Власова медлит, не отводя взгляда в сторону. Теряется на пару мгновений в сумбурности собственных мыслей. И буквально выдыхает вместе с воздухом и нерешительностью его имя, как-то необъяснимо иначе начавшее звучать из её уст. Так неожиданно и в тоже время ненавязчиво, что она и сама не заметила, когда это началось.

— Стёп, мы с тобой взрослые люди, — заключает наконец Маргарита, слишком отчётливо чувствуя, что воздуха в лёгких остаётся на считанные мгновения, — можем себе позволить просто спать. Без обязательств и всей этой мишуры. Всем ведь хорошо, — голос понижается до полушёпота словно бы сам собой, и Риты хватает только на то, чтобы ускользнуть от не просто друга как можно быстрее.

**

Обыск — одна из типичных процедур оперативника в его рабочую смену.
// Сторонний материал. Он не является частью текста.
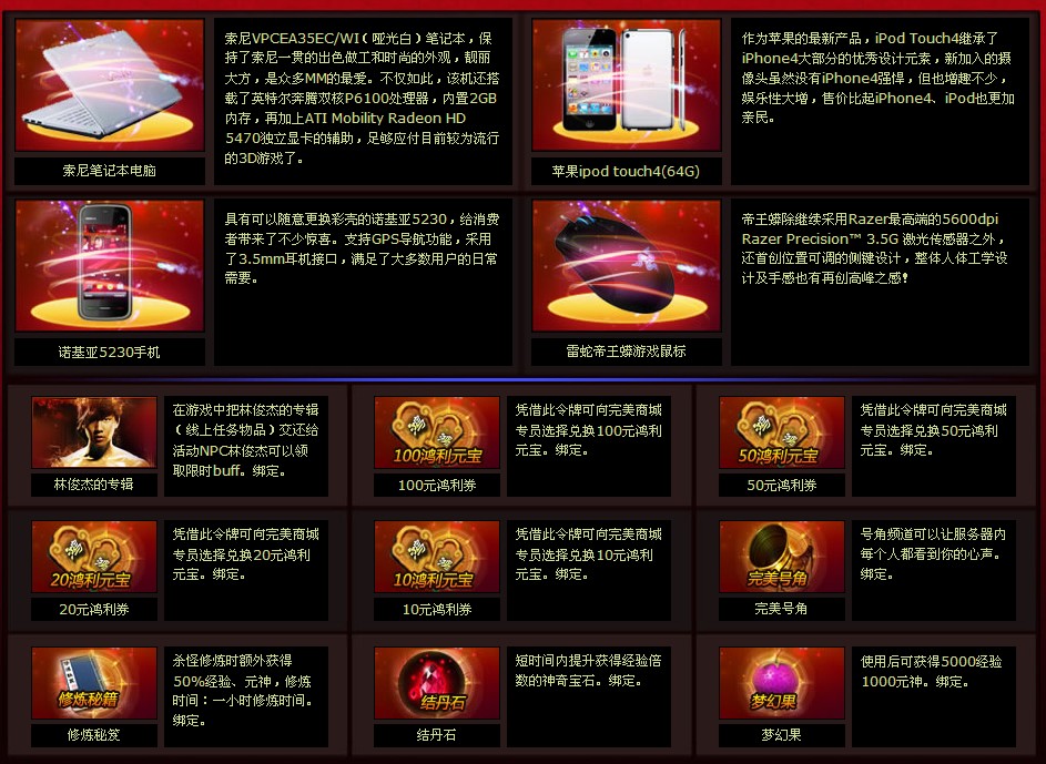 “亿万元宝大回馈”活动将以三种不同活动形式为新老玩家送上惊喜,倾情回馈2.5亿RMB!“年度鸿利大回馈,亿万元宝天天领”活动,鸿利元宝倾情回馈,尽显玩家尊贵待遇;“畅游新世界,天天抽大奖”活动,每天免费抽大奖,超值好礼等你拿,笔记本电脑、时尚手机统统搬回家;“新服公测狂欢周,每天大礼送不停”活动,幸运大奖天天有,新服狂欢等你来。活动奖励包括价值2.5亿RMB元宝大奖(1元宝=1RMB)、ipod touch4、雷蛇帝王蟒鼠标等,让每一位入驻《完美世界国际版2012》玩家能够在重重惊喜之下,感受全新版本的游戏乐趣!

Обыск в трёхкомнатной квартире с множеством шкафчиков-ящичков-коробочек-пакетиков — довольно растягивающееся по времени занятие. Но когда горячо любимая тобой напарница не желает соглашаться на мало-мальски светские выходы, эта неприятность становится довольно заметным плюсом.

Пусть на обыске, а не в каком-нибудь ближайшем кинотеатре или уютном кафе, но хоть так они вдвоём. Вдали от конторы и знающих их глаз. Как будто бы более открытые, «спалить» свои совместные вечера не опасающиеся.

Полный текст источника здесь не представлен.